> _What needs to be done_:
The answer should hold only the lines from the one containing "Coffeeman, экспресс-кофейня по" through the one containing "Airport terminal scene" in the entries below, copied exactly, without pictures.
[[ Records for the task open ]]
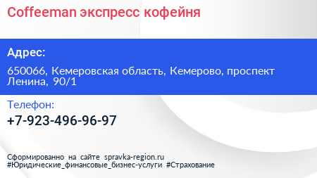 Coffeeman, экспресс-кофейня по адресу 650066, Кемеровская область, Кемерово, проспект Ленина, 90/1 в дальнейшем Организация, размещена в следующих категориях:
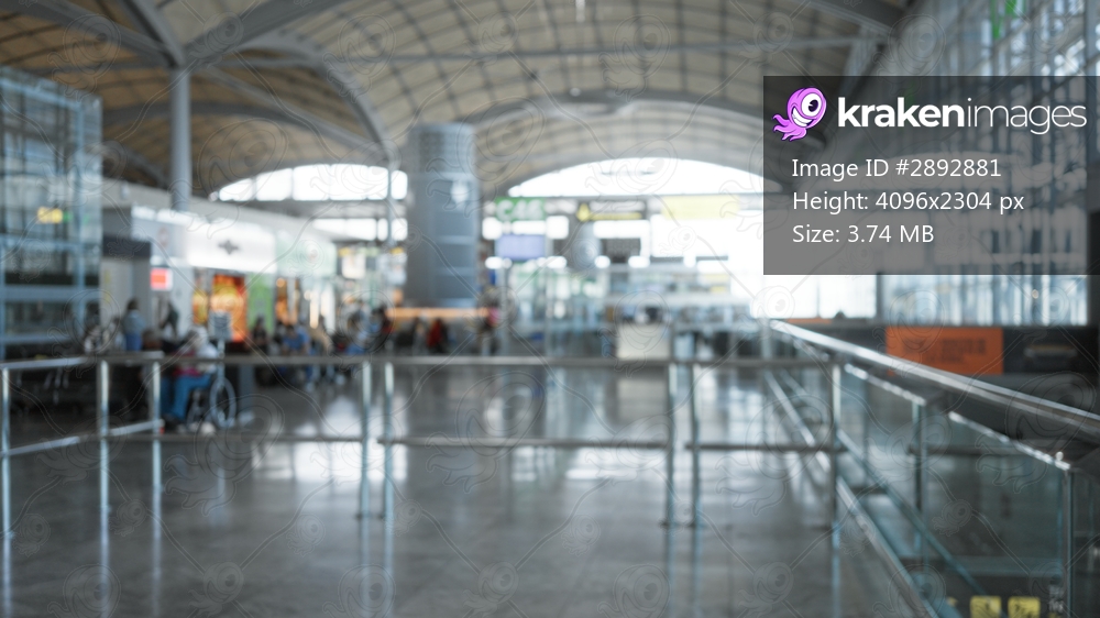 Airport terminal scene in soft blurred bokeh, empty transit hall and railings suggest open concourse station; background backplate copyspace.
[[ Records for the task closed ]]
[[ Records for the task open ]]
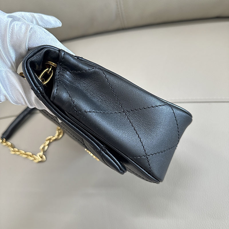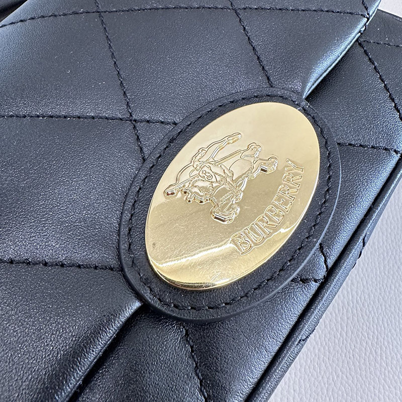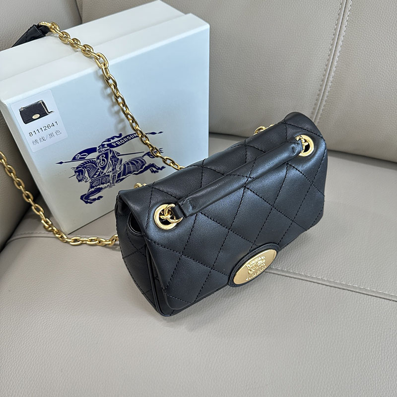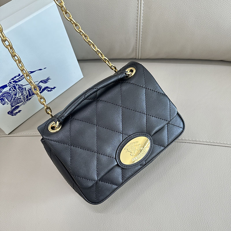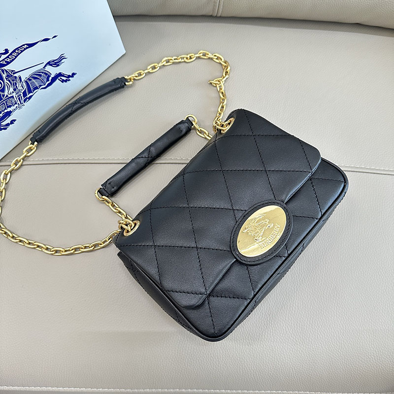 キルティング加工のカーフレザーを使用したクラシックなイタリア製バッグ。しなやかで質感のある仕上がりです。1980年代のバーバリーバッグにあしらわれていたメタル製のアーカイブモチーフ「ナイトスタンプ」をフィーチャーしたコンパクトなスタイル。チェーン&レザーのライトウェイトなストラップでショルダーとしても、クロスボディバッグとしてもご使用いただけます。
[[ Records for the task closed ]]
[[ Records for the task open ]]
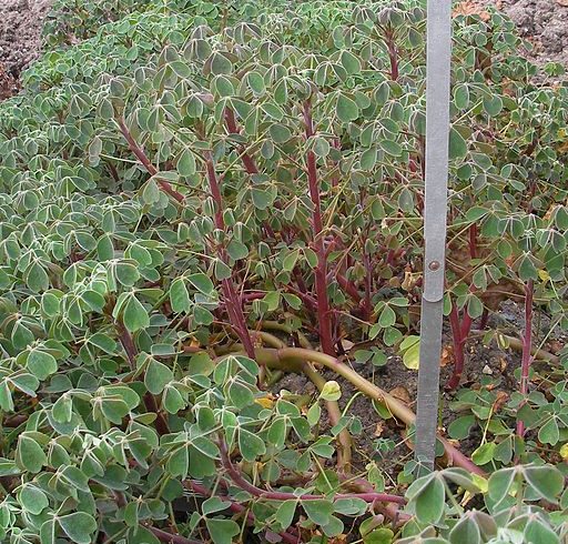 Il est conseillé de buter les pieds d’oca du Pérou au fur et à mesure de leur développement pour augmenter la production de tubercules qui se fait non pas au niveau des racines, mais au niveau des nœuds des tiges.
[[ Records for the task closed ]]
> _Task result_:
 Coffeeman, экспресс-кофейня по адресу 650066, Кемеровская область, Кемерово, проспект Ленина, 90/1 в дальнейшем Организация, размещена в следующих категориях:
 Airport terminal scene in soft blurred bokeh, empty transit hall and railings suggest open concourse station; background backplate copyspace.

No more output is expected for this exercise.